Guinness experiments with a speedier pour - Weekly Specialty Beer Report - Brief Article

Modern Brewery Age, March 4, 2002

AP--For years, Guinness has relied on the loyalty of Irish customers willing to wait 1 minute, 59 seconds, for the traditional, black draft beer to fill their pint-size mugs.

But due to declining sales, the company is now testing a new procedure that would pump the beer much faster.

"We have got to move with the times, and the brand must evolve. We must take all the opportunities that we can," a Guinness spokeswoman said last week.

Such quick-pour pints would contradict the beer's long-standing image, based on advertisements saying that good things only come to people who wait, but Guinness says there would be no change in taste.

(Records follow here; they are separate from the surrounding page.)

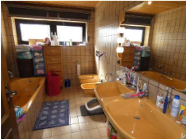
Bad im EG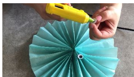
Coller les yeux sur la rosace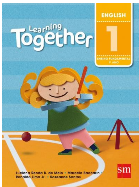
Learning Together 1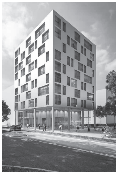
„Skaio“ Holzhybridhaus in Heilbronn

Mit dem Holzreichtum des Landes Brandenburg ergeben sich vollkommen neue Wertschöpfungsketten, was auch für das Bauen gilt. Alleine mit dem Strukturwandel in der Lausitz haben wir Brandenburger vollkommen neue Chancen. Es könnten z. B. neue Baumarten an-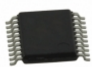
MCP4361-502E/ST Microchip Technology IC DIGITAL POTENTIOMETER 20TSSOP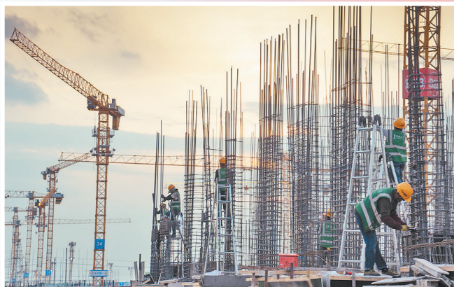
由中铁建设承建的雄安新区西片区安置房C3标段,总建筑面积约65.7万平方米。项目在“十四五”开局之年,率先完成首块车库底板浇筑,成为容西片区第一个出主楼正负零的项目。图为4月24日,施工人员进行主体结构施工。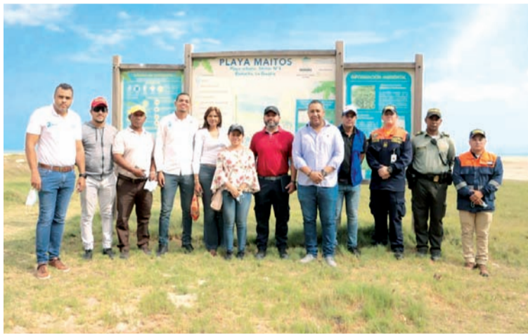
Autoridades realizaron inspección a las playas de Riohacha con propósito de verificar el nivel de cumplimiento.

De acuerdo con los pares, la administración distrital en compañía de entidades como la Dimar, Corpoguajira y la Policía Nacional avanzan a buen ritmo en aspectos como educación y gestión ambiental, calidad del agua de baño, seguri-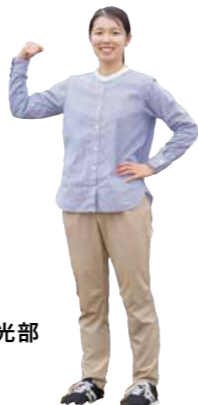
各スポーツチームのユニフォームを着ることも多いですが、普段の服装はこんな感じ

県庁の仕事のフィールドは広くて多岐に渡ります。先輩職員はそれぞれの現場で何を想い、どう動いているのか。5人の最前線を紹介していきます。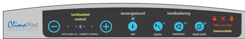
Bedieningspaneel type I

Het ClimaRad ventilatietoestel bedient u met het bedieningspaneel aan de bovenzijde van het toestel.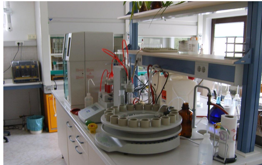
LABORATORIJ na čistilni napravi Ajdovščina

Odpadna voda se na dotoku in iztoku vzorči 24 ur na dan in se dnevno analizira v laboratoriju čistilne naprave. Enkrat mesečno izvaja uradne meritve zunanji laboratorij.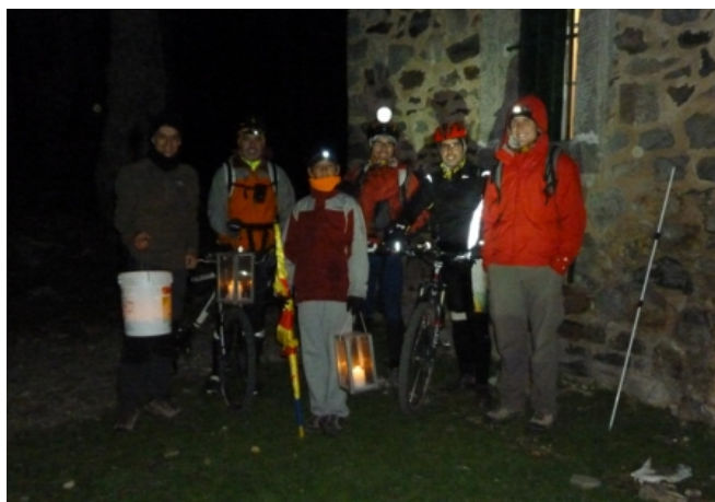
Tornada al refugi, comença la ciclabilitat

Després de sopar vam iniciar la pujada al cim. Per a ells era la primera vegada i van gaudir molt del moment.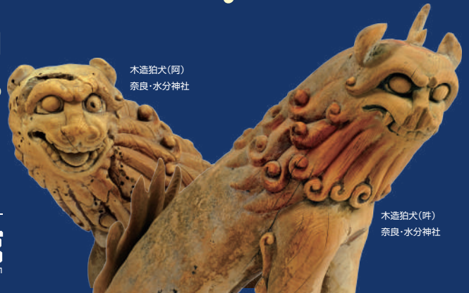
木造狛犬(阿) 奈良・水分神社

近江風土記の丘 滋賀県立 安土城考古博物館 Shiga Prefectural Azuchi Castle Archaeological Museum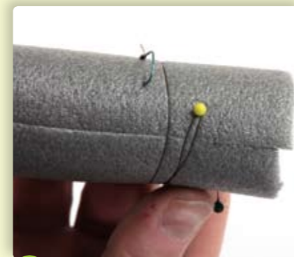
2 Wikkel de onderlijn rond de rol totdat je bij de lus uitkomt en prik de onderlijn met de speld vast in de isolatierol. Per strekkende centimeter rol kun je ongeveer één onderlijn kwijt.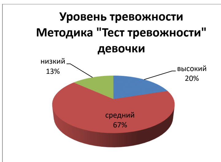
Рисунок 2. Диаграмма: Результаты обследования девочек по методике - Р.Тэммл, М. Дорки, В. Амен - Тест тревожности

Высокий уровень тревожности среди девочек был выявлен у 20%, что составляет 3 ребёнка. Дети тревожные, пугливые, напряжённые, со сниженной самооценкой, неуверенные в себе, не умеющие налаживать отношения со сверстниками, со сниженным настроением, не достаточно общительные, к окружающим людям проявляют подозрительность и недоверчивость.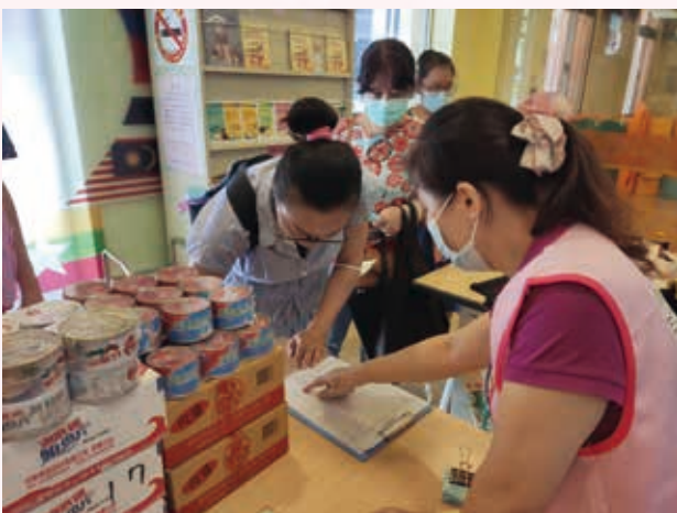
志工協助本會進行物資贈送的服務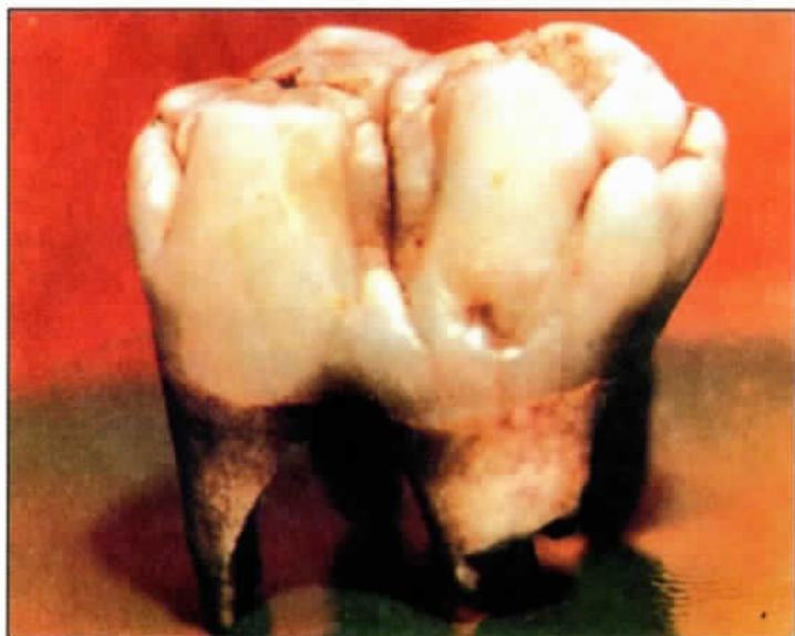
ဆရာတော်ဘုရားကြီး၏ မီးမခသော အံပွားတော်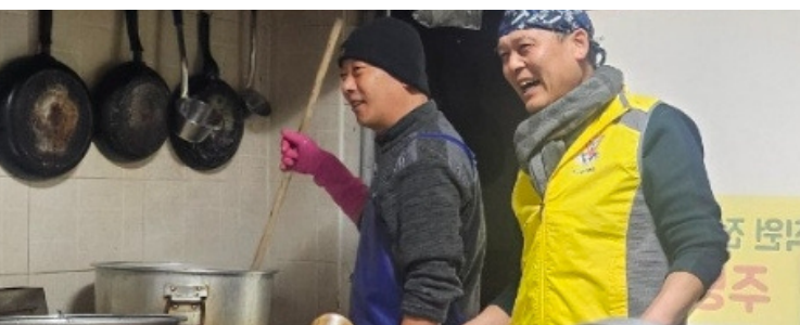
Jeonju Solnae Club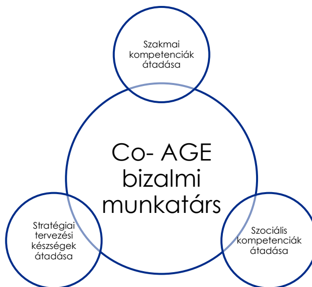
1. ábra: Átfogó célkitűzések

A „Co-AGE bizalmi munkatárs” tréning elsajátítása során a résztvevők átfogó ismereteket szereznek a projekt szempontjából releváns területeken. A képzés során lehetőség nyílik egy saját kisprojekt megtervezésére, amely alapként szolgálhat annak későbbi megvalósításához. Az elméleti alapokon nyugvó, ámde gyakorlatorientált „Co-AGE bizalmi munkatárs” workshop átfogó célkitűzései a következők: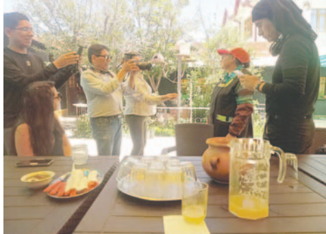
Degustación gastronómica en El Palomar

El primer punto de visita fue el Ingenio Machacamarca, el tercer estadio más antiguo de Bolivia, el cine patrimonial Americans, la chimenea de más de 100 años y se pudo ingresar a las instalaciones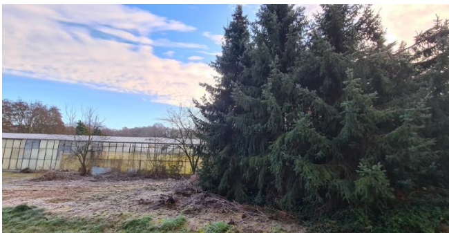
Figuur 7: Opgaand groen tegen de kas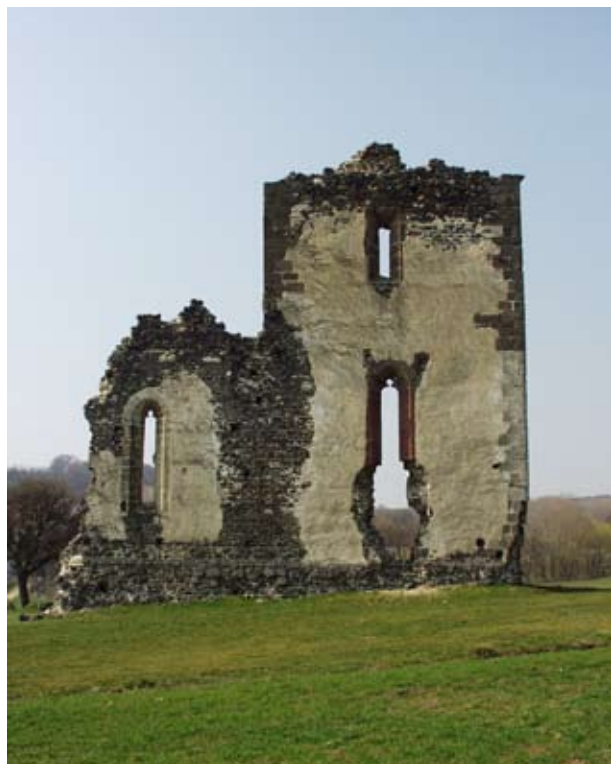
1. A taliándörögdi XIV. századi plébánia-templom szentélye

Közép-Európa, és benne Magyarország középkori építészetének karakterét több természeti és gazdasági természetű körülmény befolyásolta. E régió kevés jól megmunkálható és egyben fagyálló kőanyaggal rendelkezik. A térség viszonylag csekély mértékű középkori városiasodása miatt kevés és ezért drága volt a kőfaragó szakember is. Másrészt e területek éghajlata következtében a téli időszakban igen sokszor fagypont körül ingadozik a hőmérséklet, ami szüntelen – évente akár több száz – fagyási-olvasási periódusváltással jár. Ennek következményeként pedig az a falakba szivárgó víz folyamatosan megfagy és kiolvad, az ezzel járó térfogatváltozása pedig erőteljesen rombolja a fal építőanyagait. E problémák leküzdésére egyetlen megoldás kínálkozott: a vakolt törtkő, vagy téglafalazatok és a festett faragott-kő tagozatok alkalmazása. A vakolat, illetve a festégréteg egyrészt megvédte az épülethomlokzatokat a víz beszívódásától, így a fagyáskároktól, másrészt elfedte az építőanyagok, és a kivitelezés gyenge minőségéből adódó esztétikai problémákat.

Details about the speed of the new technique, the pump it uses and the outlets where quick-pints are being tested, are being kept under wraps for now.

But Guinness hopes to win back drinkers in today's fast-moving society. "In outlets where it is really busy, if you walk in after 9 o'clock in the evening, there will be a cloth over the Guinness pump because it takes longer to pour than other drinks," said the spokeswoman.

She reassured Guinness devotees that the new technique was only being considered in these busier outlets.

Diageo, which owns the Guinness brand, announced Thursday that sales of the beer were down I percent globally, 4 percent in Ireland and flat in Great Britain.

Meanwhile, in today's competitive market, Guinness isn't the only brand considering ways of filling pints faster.

Carlsberg-Tetley, the fourth largest brewer in Britain, is marketing a new tap designed by scientists at the University of Birmingham that will fill a pint of lager in 14 seconds, 30 percent faster than a normal tap.

Guinness has also tested a Guinness Extra Cold in the U.K. and Ireland, bringing the temperature down two Celsius. The company will not introduce Guinness Extra Cold in the U.S., since it already served colder here.